The Parallel Engine: Throughput Over Latency

While the Central Processing Unit (CPU) is designed as a latency-optimized generalist—capable of handling complex logic, branching, and sequential tasks with incredible speed—the Graphics Processing Unit (GPU) operates on a fundamentally different philosophy: massive parallelism. When a program offloads a task to the GPU, whether it is rendering a 3D scene or training a neural network, the execution model shifts from a single, fast lane to a massive, multi-lane highway.

The Host-Device Handshake

The process begins on the CPU, referred to in this context as the “host.” The host program prepares the data (geometry, textures, or matrices) and the instructions (shaders or compute kernels) required for the task. Because the CPU and GPU typically possess separate memory spaces, the host must marshal this data and transfer it across the PCI Express (PCIe) bus into the GPU’s dedicated Video RAM (VRAM). This bus often acts as a bottleneck, so efficient programs attempt to minimize transfer frequency, preferring to load large batches of data at once. The CPU then issues a draw call or a dispatch command, placing a packet of instructions into a command buffer. This action effectively signals the GPU driver to translate these high-level commands into machine code that the specific GPU microarchitecture can understand.

The Work Distributor

Once the command reaches the GPU (the “device”), a hardware scheduler or “Gigathread Engine” takes over. Unlike the CPU, which might juggle a few dozen threads, the GPU is designed to manage tens of thousands of simultaneous threads. The scheduler decomposes the workload into a grid of thread blocks. These blocks are then distributed across the available Streaming Multiprocessors (SMs) or Compute Units. This distribution is dynamic; if the GPU has more hardware cores, it processes more blocks in parallel, allowing the code to scale naturally across different tiers of hardware without manual intervention.

Single Instruction, Multiple Threads (SIMT)

Inside the Streaming Multiprocessor, the execution model differs strictly from the CPU. The hardware groups threads into bundles, commonly known as “warps” (in NVIDIA terminology) or “wavefronts” (in AMD terminology), typically consisting of 32 or 64 threads. These threads operate in “lockstep,” meaning they all execute the exact same instruction at the same time, but on different pieces of data. This architecture, known as Single Instruction, Multiple Threads (SIMT), allows the GPU to devote the vast majority of its transistor count to Arithmetic Logic Units (ALUs) rather than control logic and caching.
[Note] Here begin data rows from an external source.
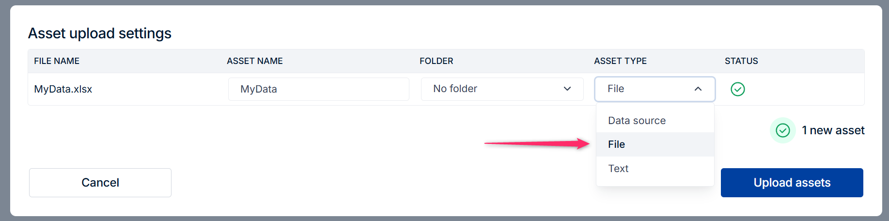 Upload the file that contains the data for your data source as a file asset (make sure that the Asset Type is set to “File”). It must be a file with one of the supported file types.-3ff075fc662f30230b46e319384748a7.png)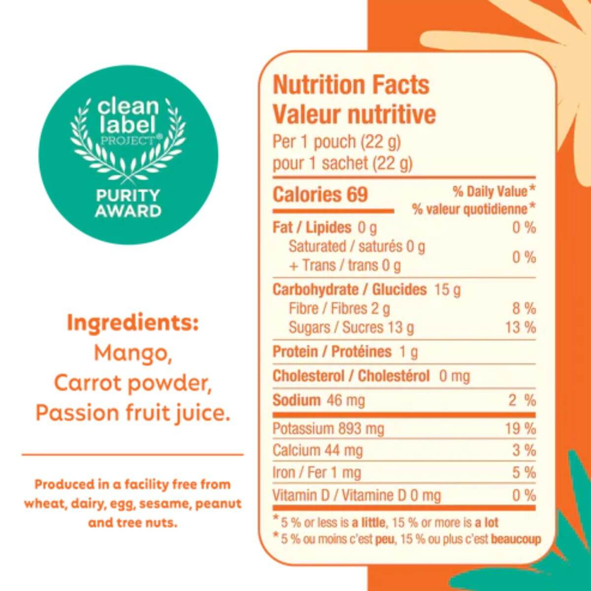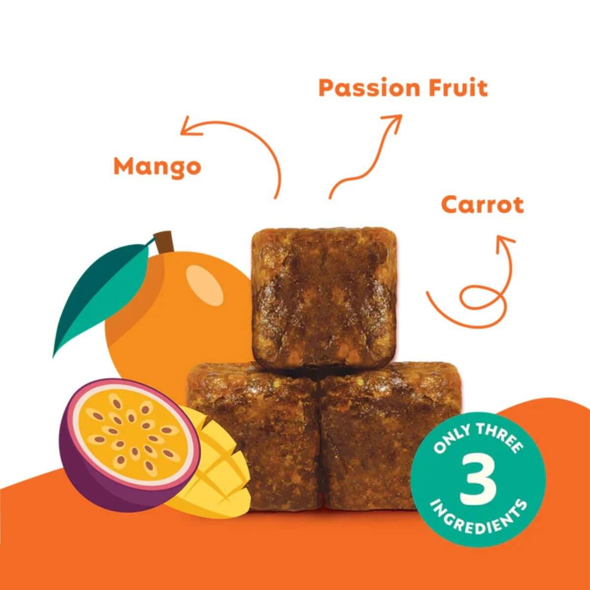 Mango, Carrot powder, Passion fruit juice.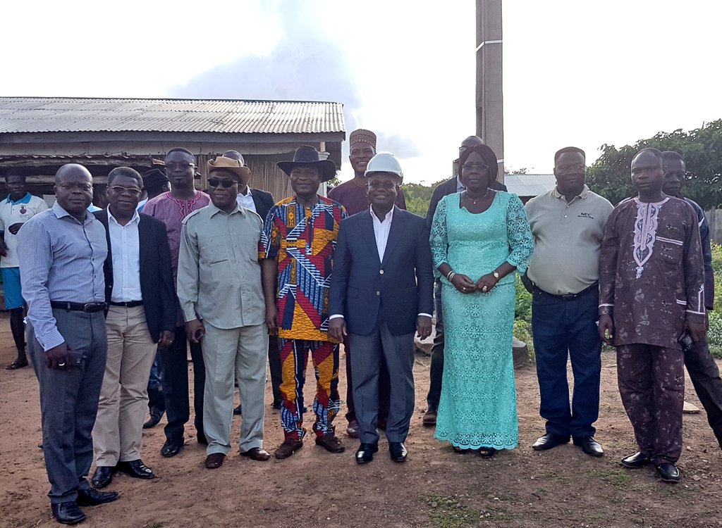 Photo de famille du #ME @houssoudjclaude avec le Roi de la localité et les autorités politico-administratives de la région après la mise en service officielle du réseau électrique de #Erokowari dans l'Arrondissement de #Kèrè. #gouvbenin #PAGBenin #wasexo #EnergieBeninpic.twitter.com/7ug0iSm9RJ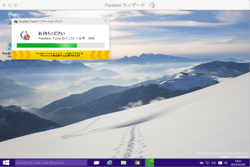 その後、parallels toolのインストールが始まります。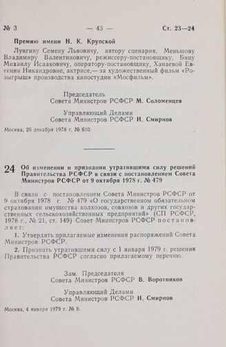Постановление Совета Министров РСФСР. Об изменении и признании утратившими силу решений Правительства РСФСР в связи с постановлением Совета Министров РСФСР от 9 октября 1978 г. № 479. 4 января 1979 г. № 8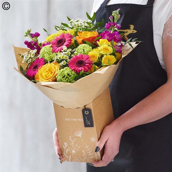 Hand-tied flowers expertly arranged and perfectly presented in a pretty gift box. Each and every design is one-of-a-kind, created by an artisan florist using the freshest stems available on the day so, whilst your gift will look different to the one pictured, it’ll still be just as lovely.
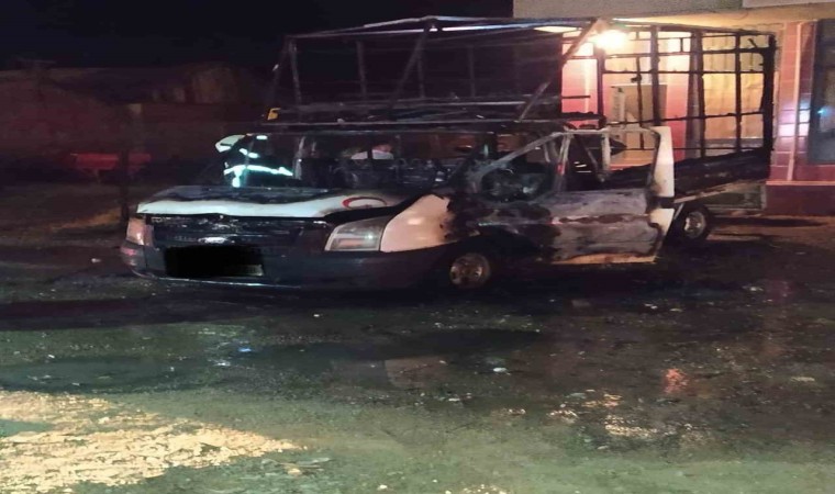 Kastamonu’nun Taşköprü ilçesinde park halindeyken alevlere teslim olan kamyonet kullanılmaz hale geldi.
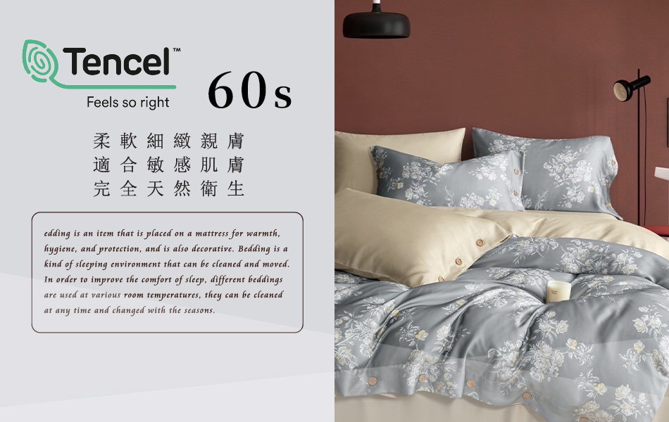 Tencel天絲™萊賽爾纖維製成的 100%60支 【妍語-灰】 舖棉床罩舖棉兩用被七件式組-60a7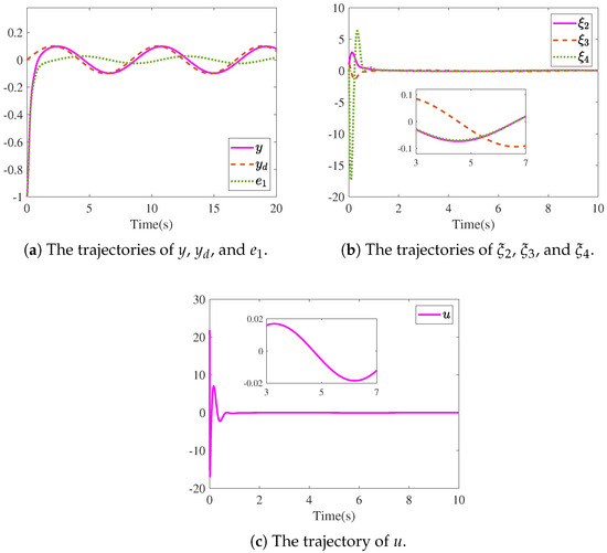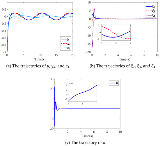 In the simulation, taking the design parameters , , , , and the initial values , , , Figure 3 gives the responses of the closed-loop system (4) and (54) with . The response curves of the system output , the reference signal , and the tracking error are offered in Figure 3a. From Figure 3a, one clearly sees that the system output y (see solid line) is able to track the desired signal (see dashed line) about 2 s later. Meanwhile, the tracking error (see dotted line) is convergent to a bounded region around 2 s. Figure 3b provides the response curves of system states , , and , while Figure 3c depicts the trajectory of control input u. It can be observed from Figure 3b,c that , , , and u are also bounded 2s later. The simulation results in Figure 3 reveal the validity of the control method proposed in Corollary 1.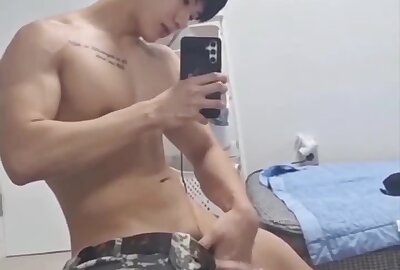 Inked soldier Big Saint jerks off his thick cock with a firm grip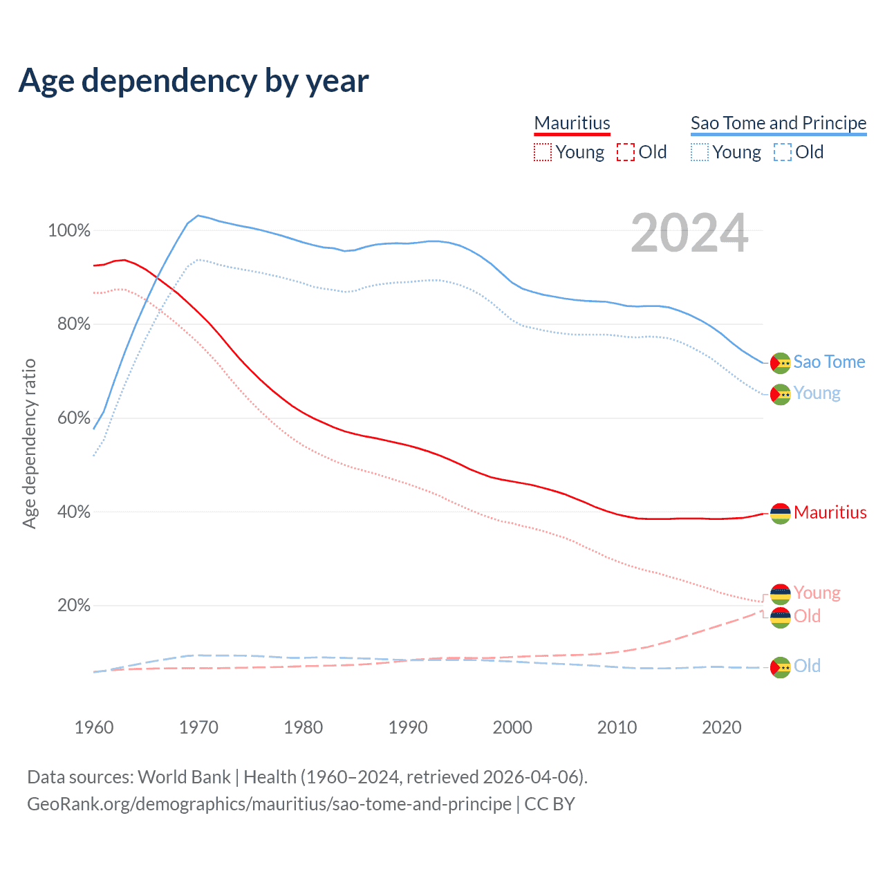 - Mauritius is ranked 57/196 by median age (oldest to youngest) vs 163/196 for Sao Tome and Principe.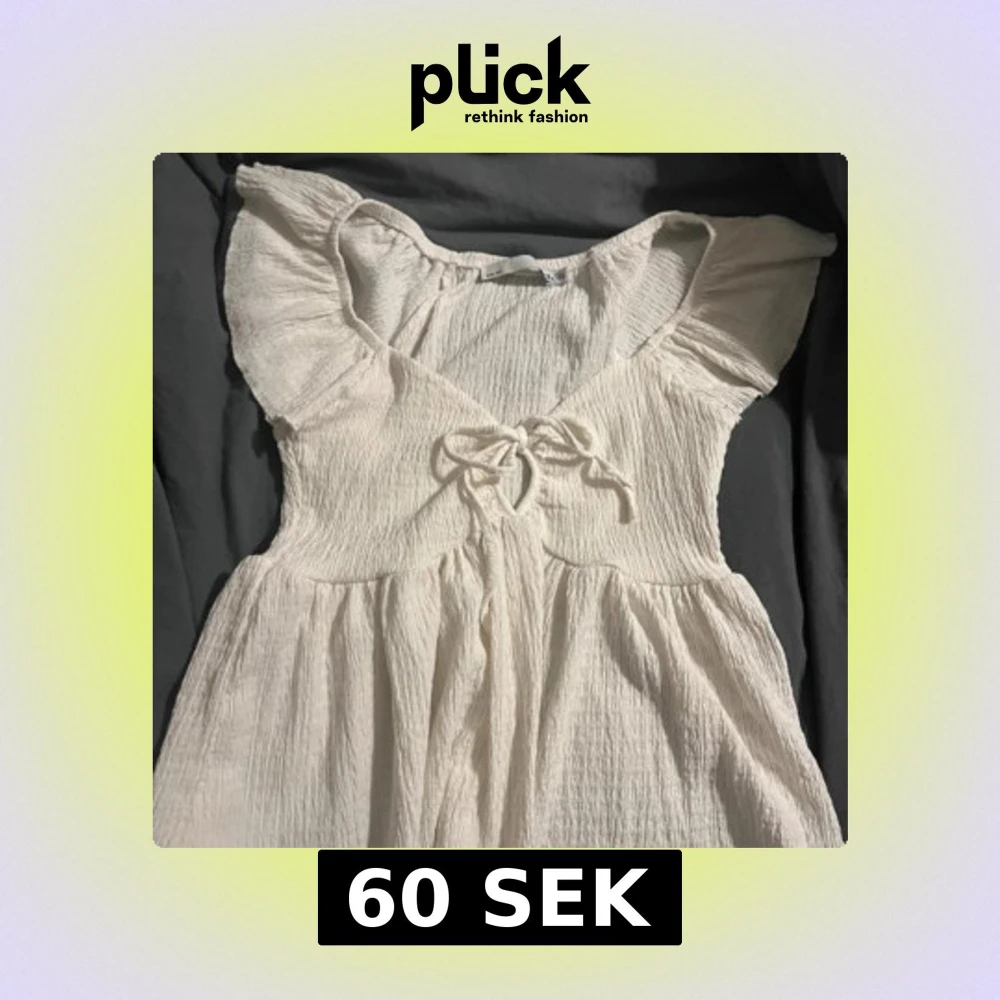 Supersöt vit topp från 157 i crinklat bomullstyg. Klänningen har volangiga korta ärmar, knytning framtill och en luftig, flowy passform. Perfekt för varma dagar och ger en romantisk vibe.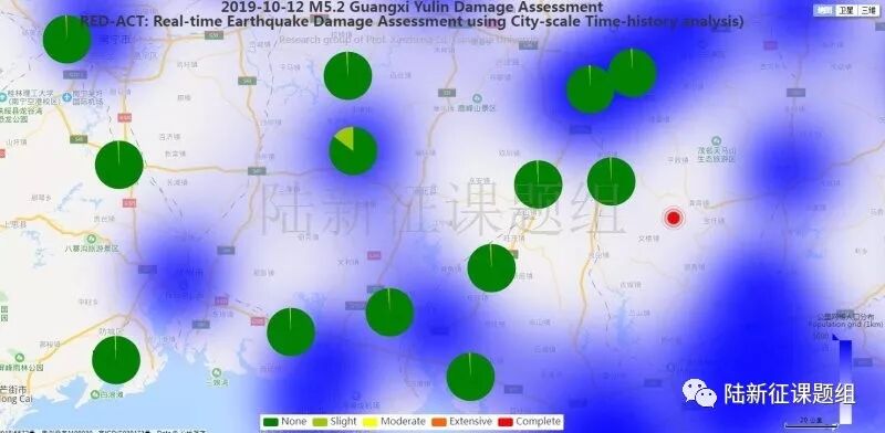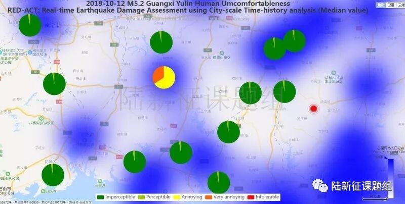 利用密布强震台网在震后获取的实时地震动信息,再结合城市抗震弹塑性分析,就可以得到地震发生后不同地点的建筑破坏情况,为抗震救灾决策提供科学支撑。图3为根据 20191012广西玉林市北流市5.2级地震震中附近范围内台站记录分析得到的建筑震害分布示意图。图4为根据 20191012广西玉林市北流市5.2级地震震中附近范围内台站记录分析得到的人员加速度感受分布示意图。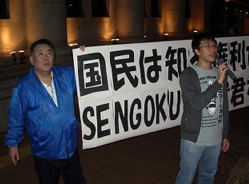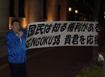 平成22年11月11日、増木重夫、藤島雄平は急遽「尖閣問題を考える市民の会」を結成し、第5管区海上保安本部(神戸市)で取調べを受けている「sengoku38」氏と海保の激励に帳の落ちかけた夕刻、神戸に出向いた。 私たちは多くは語らない。「sengoku38」さん、ゴクロウサン。国民は皆あなたの見方だ。あのビデオは国民が中国をどのように考えるかの1級資料だ。だから公開されるべきで秘匿すべきものではない。ゆえに貴兄は最高裁判例に従い罪はない。裁かれるのは国民の知る権利、ものを考える権利を踏みにじった菅政権である。今しばらく辛抱してくれ! 海保の皆さん。ビデオを見た。いつもあのような命がけの現場で働いている。そして我々の安全と治安を護ってくれている。本当にありがたい。ご苦労様です。 と言ってきました。 「尖閣問題を考える市民の会」 代表 増木重夫 5管職員「自分が流出」 警視庁など聴取へ 毎日新聞 11月10日(水)12時33分配信
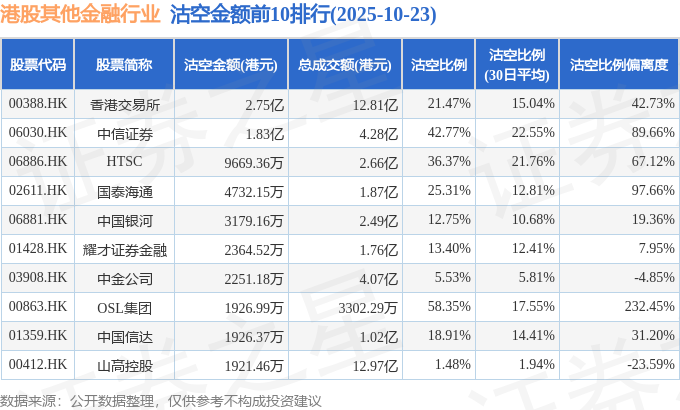 从沽空金额来看,香港交易所、中信证券、HTSC沽空金额位居行业前三,分别为2.75亿港元、1.83亿港元、9669.36万港元。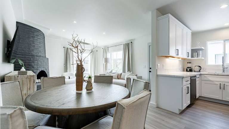 Das Ferienhaus bietet zwei separate Schlafzimmer, eine voll ausgestattete Küche, die mit Kühlschrank und Geschirrspüler ausgestattet ist, sowie zwei Badezimmer. Die Klimaanlage sorgt für zusätzlichen Komfort.

Branch Divergence and Masking

The rigidity of lockstep execution introduces a unique challenge known as branch divergence. If the code contains a conditional statement (an if-else block) where half the threads in a warp need to take the “true” path and the other half need to take the “false” path, the hardware cannot execute both simultaneously. Instead, it must serialize the execution. It forces all threads to execute the “true” path while masking off (deactivating) the threads that disagree. Once the first path is complete, it inverts the mask and executes the “false” path for the remaining threads. Both paths are executed for the warp, but threads only commit results for the path they actually took. This phenomenon explains why complex branching logic can severely degrade GPU performance.

The Memory Hierarchy and Output

As the ALUs crunch the numbers, they rely on a specialized memory hierarchy designed for throughput. While GPU memory has higher latency than CPU cache, it possesses significantly wider bandwidth, allowing it to feed the thousands of hungry cores simultaneously. Threads often use fast, on-chip “shared memory” to communicate with neighbors in the same block, reducing the need to reach out to the slower VRAM. Upon completion of the calculation or the pixel shading, the results are written to the output buffer. For graphics, this is the Framebuffer, which is eventually scanned out to the monitor. For compute tasks, the data remains in VRAM until the CPU explicitly requests a transfer back across the PCIe bus to read the results.